Val loss doesn’t decrease after a certain number of epochs

Question

I’m working on a classification problem (500 classes). My NN has 3 fully connected layers, followed by an LSTM layer. I use nn.CrossEntropyLoss() as my loss function. This is my network’s configuration

Model(
  (fc): Sequential(
    (0): Linear(in_features=800, out_features=1024, bias=True)
    (1): ReLU()
    (2): Linear(in_features=1024, out_features=512, bias=True)
    (3): ReLU()
    (4): Linear(in_features=512, out_features=256, bias=True)
    (5): ReLU()
  )
  (lstm): LSTM(256, 1024, bidirectional=True)
  (hidden2tag): Sequential(
    (0): Linear(in_features=2048, out_features=1024, bias=True)
    (1): ReLU()
    (2): Linear(in_features=1024, out_features=500, bias=True)
  )
)

This is what my loss looks like. It increases after reaching a particular value no matter what setting I use. I’ve used k-fold cross–validation but the loss/accuracy across all folds stays the same, so I’m assuming that there’s no issue in the distribution of train/val splits.

From left(Iteration-wise loss (train loss recorded after every batch), train loss (recorded after every train epoch), validation loss (recorded after every val epoch))

I’ve tried using step-wise LR scheduling (tried OneCycleLR and Multiplicative LR as well) but the loss still doesn’t improve

I’ve tried using dropout but that gives higher validation loss values instead

What can be done here in order to further decrease the loss?

Answer 1

The training loss is continually decreasing, but the the validation loss shows a local minimum at epoch ~100 which indicates that there is overfitting starting to happen. This means that your model has sufficient capacity to learn (i.e., it is not underfitting) and that increasing the model's capacity (i.e., increasing the number of layers or increasing the number of neurons per layer) is unlikely to help.

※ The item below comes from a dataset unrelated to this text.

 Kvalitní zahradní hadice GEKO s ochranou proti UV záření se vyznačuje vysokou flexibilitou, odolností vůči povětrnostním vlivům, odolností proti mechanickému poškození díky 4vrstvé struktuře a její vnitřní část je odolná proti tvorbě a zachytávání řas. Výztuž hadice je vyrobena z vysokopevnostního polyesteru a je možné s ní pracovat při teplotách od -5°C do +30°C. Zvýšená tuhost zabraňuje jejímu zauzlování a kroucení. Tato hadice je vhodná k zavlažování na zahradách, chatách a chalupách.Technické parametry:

Instead, you should work towards reducing overfitting. The best way to do this is by collecting more real data. You can also consider Data Augmentation or simulating synthetic data. Other approaches such as dropout and L1 and/or L2 regularization may also be helpful. This article "An Overview of Regularization Techniques in Deep Learning (with Python code)" is a nice overview of these methods. Even though you have used dropout, you can tune the dropout rate and include dropout at one or more layers in your model.

Finally, ensemble methods have shown success in improving accuracy in many (but not all) settings, compared to single models.

Answer 2

I fully agree with @Snehal Patel's comment but want to expand on the capacity of the model a bit.

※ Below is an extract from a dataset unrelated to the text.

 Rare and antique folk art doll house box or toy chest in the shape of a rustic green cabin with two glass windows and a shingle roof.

The easiest approach to reduce overfitting is to reduce the capacity of the model, i.e. the size of its layers.

Therefore, in your first sequential model, instead of three linear with [1024, 512, 256] nodes, it would probably be better to have just two with [512, 256] nodes.

The same applies to the second sequential model. Just using one linear layer probably reduces the capacity of the model to overfit to the data.

I hope those changes work out for you.